Our esteemed colleague Alan Jacobs pointed out on Twitter and over on Text Patterns that Kaku does not even mention anything about environmental problems like climate change that we seem sure to face in the future. Though Kaku as a scientist has been active in environmentalist politics, in this little scientific prediction of the future, which concludes with an exhortation to “grasp the importance of science,” he focuses on science only as a means for creating technology, and regrettably ignores the role science plays in instructing us in how technology can be prudently used.

Alexander Leydenfrost, Popular Mechanics, January 1952 (h/t Paleofuture)

This is disappointing but not surprising. Environmental degradation is one of the inconvenient consequences of the unrestrained and unintelligent use of technology. Our awareness of environmental problems, their scope, and of the sorts of technological developments or policy solutions that could plausibly mitigate or solve them comes not from technological progress as such, but from scientific knowledge as such. Ecology, geology, climate science, and the other disciplines relevant to environmentalism are, to use Francis Bacon’s language, light-bearing sciences more than fruit-bearing. Though they do not often lead to technological developments, they are nonetheless very useful, not because they give us power over nature, but because they teach us when and how to limit our exercise of the power we have over nature. To paraphrase another of Bacon’s well known aphorisms, to live wisely we must learn not only how to command, but also how to obey nature.

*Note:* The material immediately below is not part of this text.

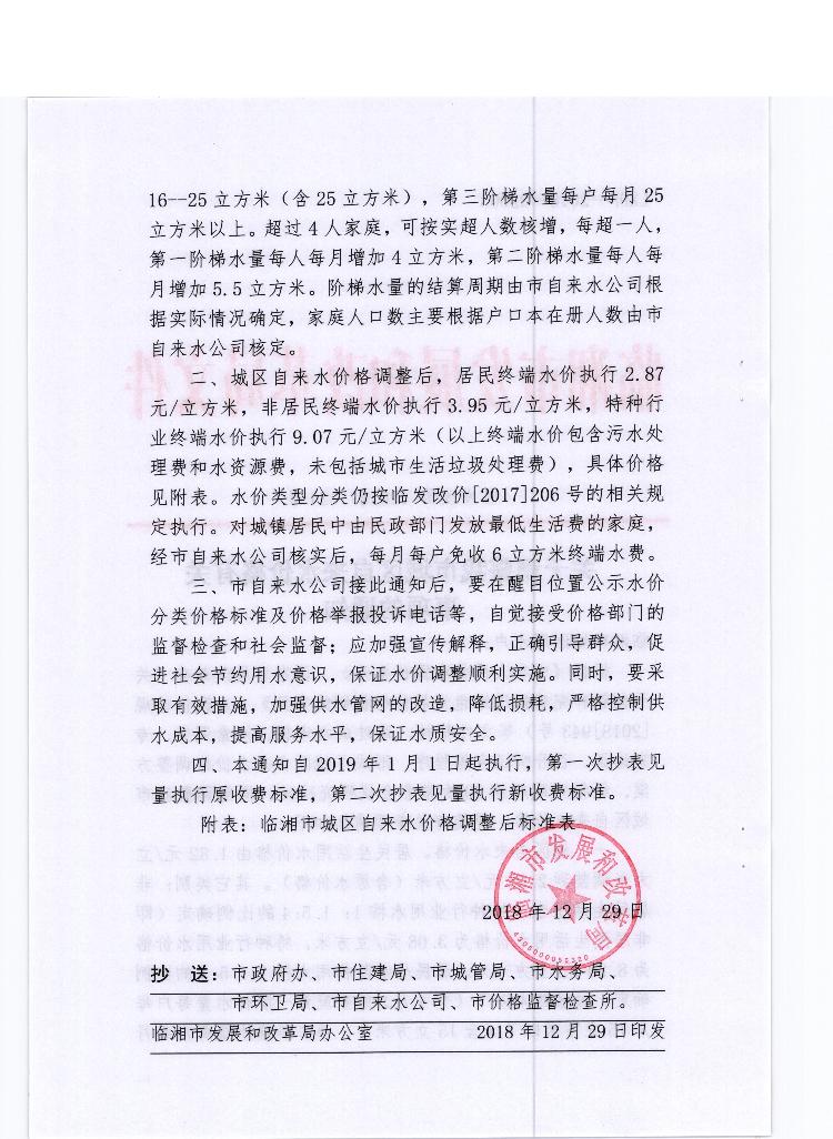 关于调整我市城区自来水价格有关事项的通知

Not all predictions and recommendations by scientists about the future of science are as fixated on technological fads as this silly little article by Michio Kaku. Consider, for instance, this thoughtful 2004 essay by evolutionary biologist Carl Woese on why the next generation of biologists will need to overcome the reductionist paradigm of molecular genetics that dominated the twentieth century. Beyond this salutary recommendation about biological theory, Woese also admonished biologists to recognize that their science was not simply an “engineering discipline” and that it is dangerous to allow “science to slip into the role of changing the world without trying to understand it.”

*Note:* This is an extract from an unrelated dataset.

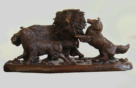 limited edition cast in foundry bronze of a sheltie mother and pups at

The most fundamental aim of science is knowledge and understanding, which can usefully reveal things about the world even beyond the useful power it can give us to change the world. And then, of course, as Bacon recognized, light-bearing science is the necessary precondition of fruit-bearing science. This principle was also recognized by the always-prescient Alexis de Tocqueville, who advised that democratic societies, where all things practical are naturally pursued with great vigor, will need to direct their efforts “to sustain the theoretical sciences and to create great scientific passions.” Just as it is crass and counterproductive to justify the humanities in terms of such career-focused deliverables as “critical thinking skills,” talking about science education as a kind of magic wand that will let us transform today’s fantasies into reality or lead us to the “jobs of the future” cheapens and misunderstands the nature of the scientific enterprise.